A Faking Test Double is one which is just being used to satisfy the SUT’s dependencies, and which is not being used to provide Indirect Input or to observe Indirect Output. Maybe the method you’re testing writes entries to a logger as it goes about its business. Your current test doesn’t care about this behavior, so you provide a Null Object implementation of the Logger to the SUT. This Null logger will simply ignore any logging methods which are called on it. Note that I emphasized that the current test wasn’t interested in how the SUT uses the logger.
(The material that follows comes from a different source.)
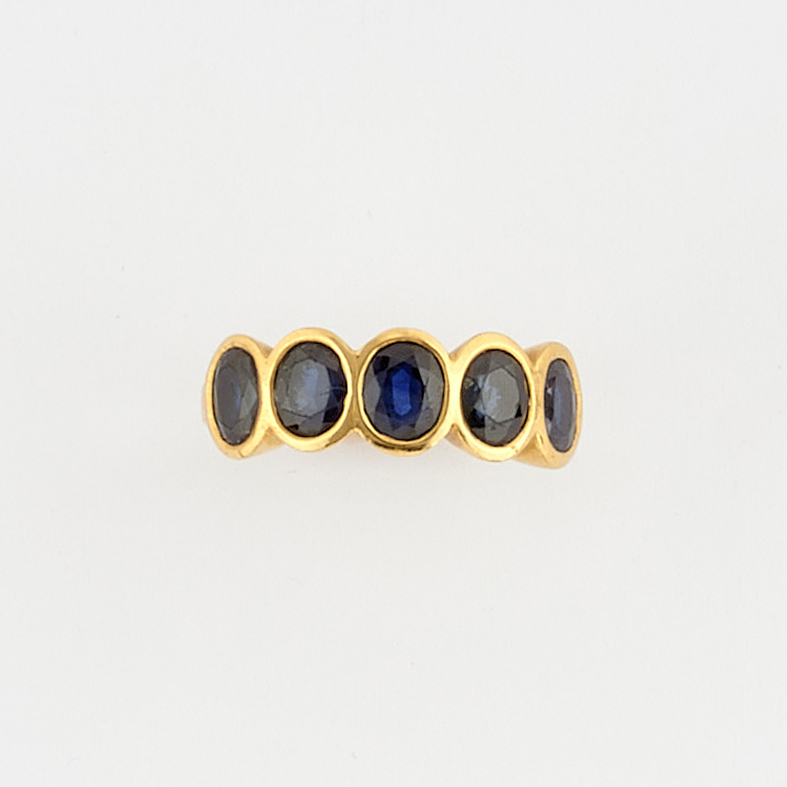 in yellow gold set with five oval-cut sapphires.

Other tests likely would be, and in those tests the Test Double which provides the Logger dependency would likely play a Mocking role rather than a Faking role.
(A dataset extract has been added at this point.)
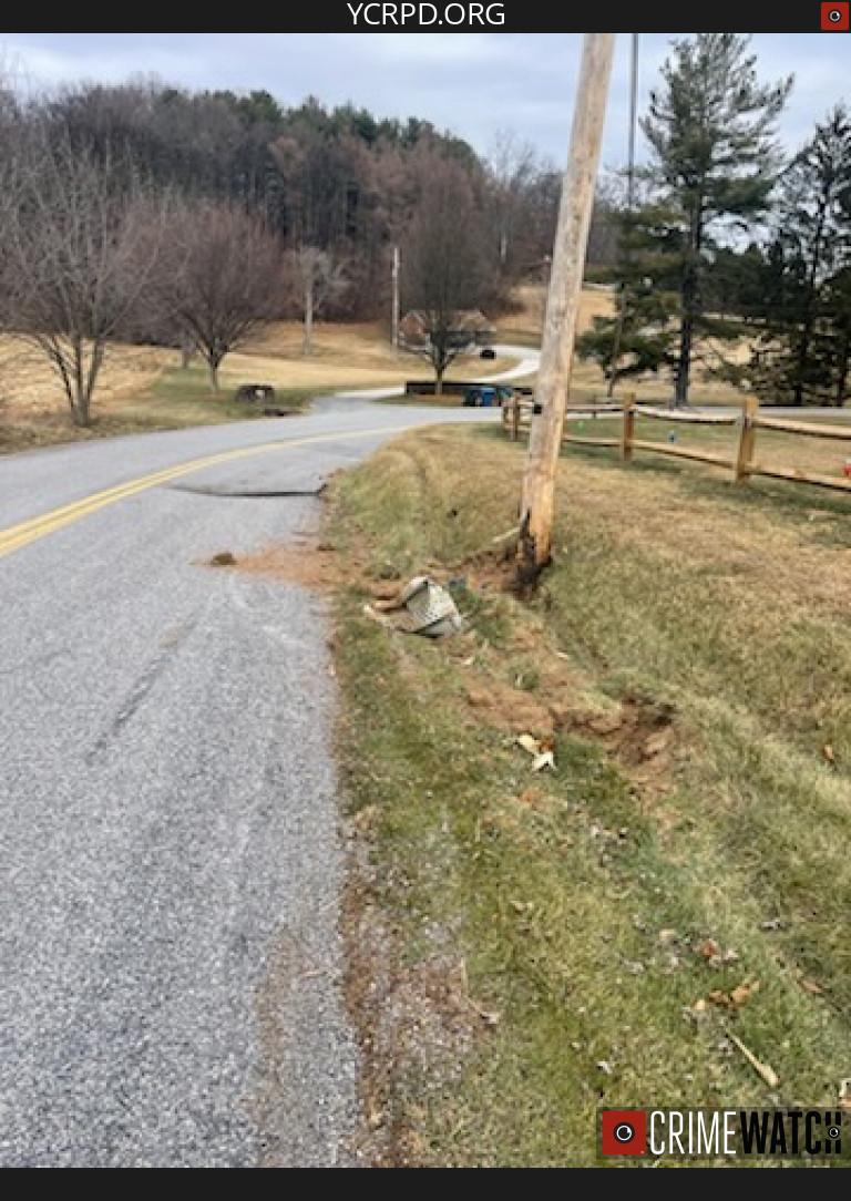 WINDSOR TOWNSHIP, PENNSYLVANIA — The York County Regional Police Department is investigating a hit-and-run crash involving a suspected blue semi-truck after a vehicle slammed into an embankment and a utility pole along Pleasant Grove Road and then fled the scene.

Test Double Roles vs Test Double Implementation

It’s important to note here that the way in which these Test Doubles are implemented is orthogonal to the role they are playing. You can use a ‘mocking framework’ (e.g. Mockito, JMock, Typemock, EasyMock) both to supply Indirect Input and to observe Indirect Output. On the other hand you could just as well use hand-written classes (sometimes referred to as stubs) to achieve both these goals. This orthogonality between the technique you’re using to create your Test Doubles and the role a Test Double is playing is an important but subtle point, and is part of why I’m really not happy with the confusing terminology I have been using.

Acknowledgements

Lots of the ideas in this post are inspired by the patterns in the wonderful, encyclopedic XUnit Test Patterns book. It’s not exactly a 5 minute read, but nevertheless I highly recommend it. Most of the patterns in the book are also covered in very high-level overview form on the accompanying website, xunitpatterns.com.

I think my categorization of the Mocking, Stubbing and Faking roles lines up pretty closely with what Roy Osherove describes in his book, The art of unit testing, but I haven’t read the book so I can’t say that with any confidence.